• What is required
A faithful, word-for-word copy of the data below is required, without pictures.

• Data provided
___
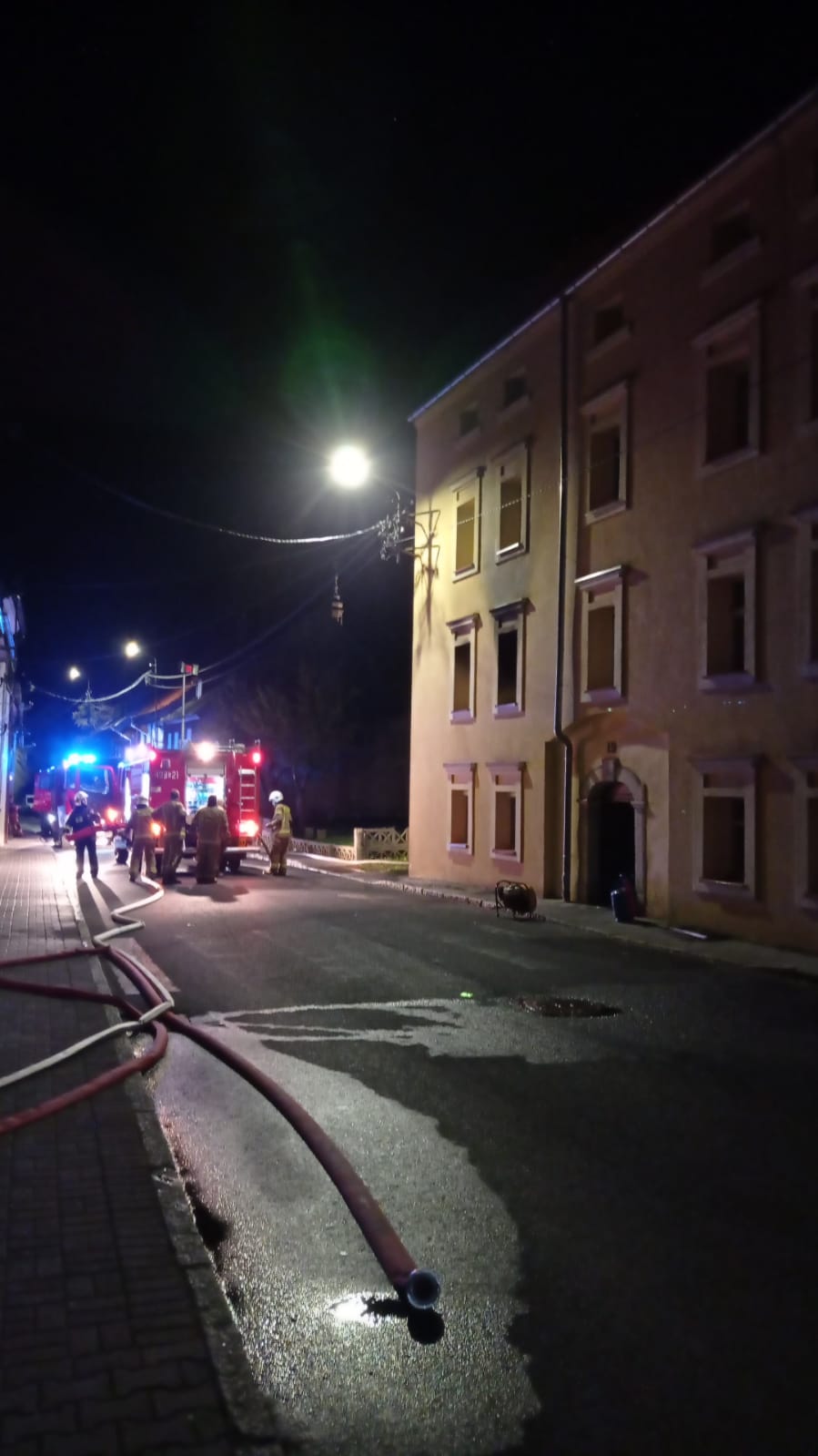 W dniu 06 października 2022 roku o godz. 00:20 na Stanowisko Kierowania Komendanta Powiatowego w Lwówku Śląskim wpłynęło zgłoszenie o pożarze budynku wielorodzinnego w Mirsku. Pożar zauważył przejeżdżający ulicą patrol Policji. Policjanci natychmiast zaalarmowali straż i pogotowie następnie przystąpili do ewakuacji mieszkańców. Przed przybyciem jednostek ochrony przeciwpożarowej udało się ewakuować 10 mieszkańców, kolejnych 4 mieszkańców zostało uwięzionych w mieszkaniach na I i II piętrze. Strażacy ewakuowali 2 osoby z I piętra przy pomocy drabiny przystawnej, kolejne dwie osoby na II piętrze przy pomocy podnośnika hydraulicznego następnie przystąpili do działań gaśniczych. W akcji udział brały trzy zastępy strażaków z JRG PSP w Lwówku Śląskim, plus oficer operacyjny, zastęp z autodrabiną z JRG PSP w Jeleniej Górze, dwa zastępy OSP Mirsk, zastęp OSP Rębiszów i zastęp OSP Krobica – Orłowice. W działaniach uczestniczyło też 5 zespołów ratownictwa medycznego.
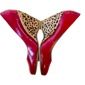 Poetic License Endearing Red Patent Leather Calf Hair Wedge Sz 7.5
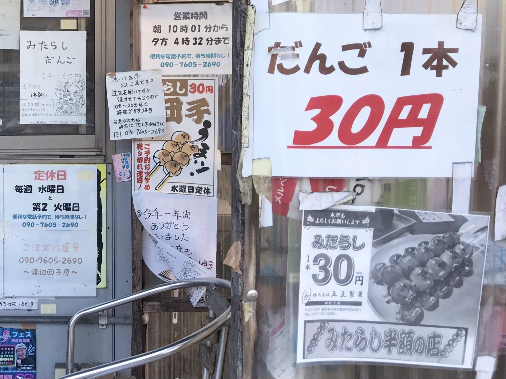 みたらし団子が1本30円!のびっくり価格の団子屋。常連が多く1週間に約4000本の団子が売れるという。店主の渡辺さんのおしゃべりが面白い。郵便局員時代の武勇伝を聞きながら、団子の焼き上がりを待つのも楽しい時間。アツアツの団子は焼き目が香ばしく、モチモチでおいしい。心もお腹も元気になるお店だ。焼き上がりに10分前後かかるので、急ぎの場合は電話予約がおすすめ。五平餅は1本60円とこれまた安い!
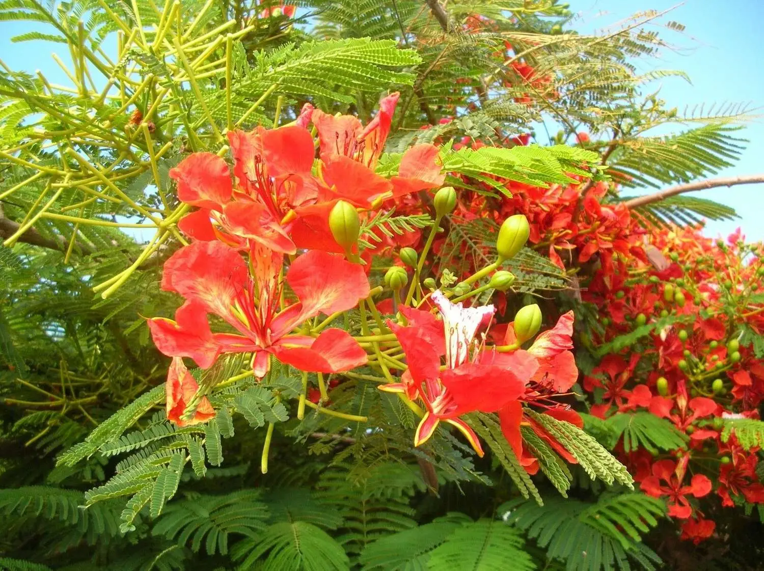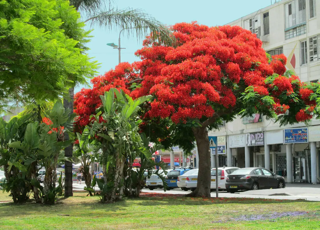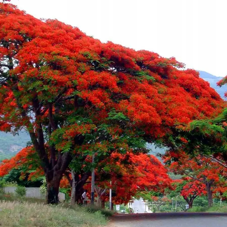Considered by some to be the worlds most beautiful tree, this large, partially dry deciduous tree from lowland forests in northern and western Madagascar forms a huge, spreading crown with finely pinnate foliage and beautiful red flowers that cover the entire plant for several weeks before the new leaves appear. A popular and easily grown ornamental, widely planted around the world in tropical climates in USDA Zones 10 and above. Seeds should be scarified or immersed in boiling water to break dormancy, then soaked at room temperature for a day.
___
• Solution to this exercise
 W dniu 06 października 2022 roku o godz. 00:20 na Stanowisko Kierowania Komendanta Powiatowego w Lwówku Śląskim wpłynęło zgłoszenie o pożarze budynku wielorodzinnego w Mirsku. Pożar zauważył przejeżdżający ulicą patrol Policji. Policjanci natychmiast zaalarmowali straż i pogotowie następnie przystąpili do ewakuacji mieszkańców. Przed przybyciem jednostek ochrony przeciwpożarowej udało się ewakuować 10 mieszkańców, kolejnych 4 mieszkańców zostało uwięzionych w mieszkaniach na I i II piętrze. Strażacy ewakuowali 2 osoby z I piętra przy pomocy drabiny przystawnej, kolejne dwie osoby na II piętrze przy pomocy podnośnika hydraulicznego następnie przystąpili do działań gaśniczych. W akcji udział brały trzy zastępy strażaków z JRG PSP w Lwówku Śląskim, plus oficer operacyjny, zastęp z autodrabiną z JRG PSP w Jeleniej Górze, dwa zastępy OSP Mirsk, zastęp OSP Rębiszów i zastęp OSP Krobica – Orłowice. W działaniach uczestniczyło też 5 zespołów ratownictwa medycznego.
 Poetic License Endearing Red Patent Leather Calf Hair Wedge Sz 7.5
 みたらし団子が1本30円!のびっくり価格の団子屋。常連が多く1週間に約4000本の団子が売れるという。店主の渡辺さんのおしゃべりが面白い。郵便局員時代の武勇伝を聞きながら、団子の焼き上がりを待つのも楽しい時間。アツアツの団子は焼き目が香ばしく、モチモチでおいしい。心もお腹も元気になるお店だ。焼き上がりに10分前後かかるので、急ぎの場合は電話予約がおすすめ。五平餅は1本60円とこれまた安い!
Considered by some to be the worlds most beautiful tree, this large, partially dry deciduous tree from lowland forests in northern and western Madagascar forms a huge, spreading crown with finely pinnate foliage and beautiful red flowers that cover the entire plant for several weeks before the new leaves appear. A popular and easily grown ornamental, widely planted around the world in tropical climates in USDA Zones 10 and above. Seeds should be scarified or immersed in boiling water to break dormancy, then soaked at room temperature for a day.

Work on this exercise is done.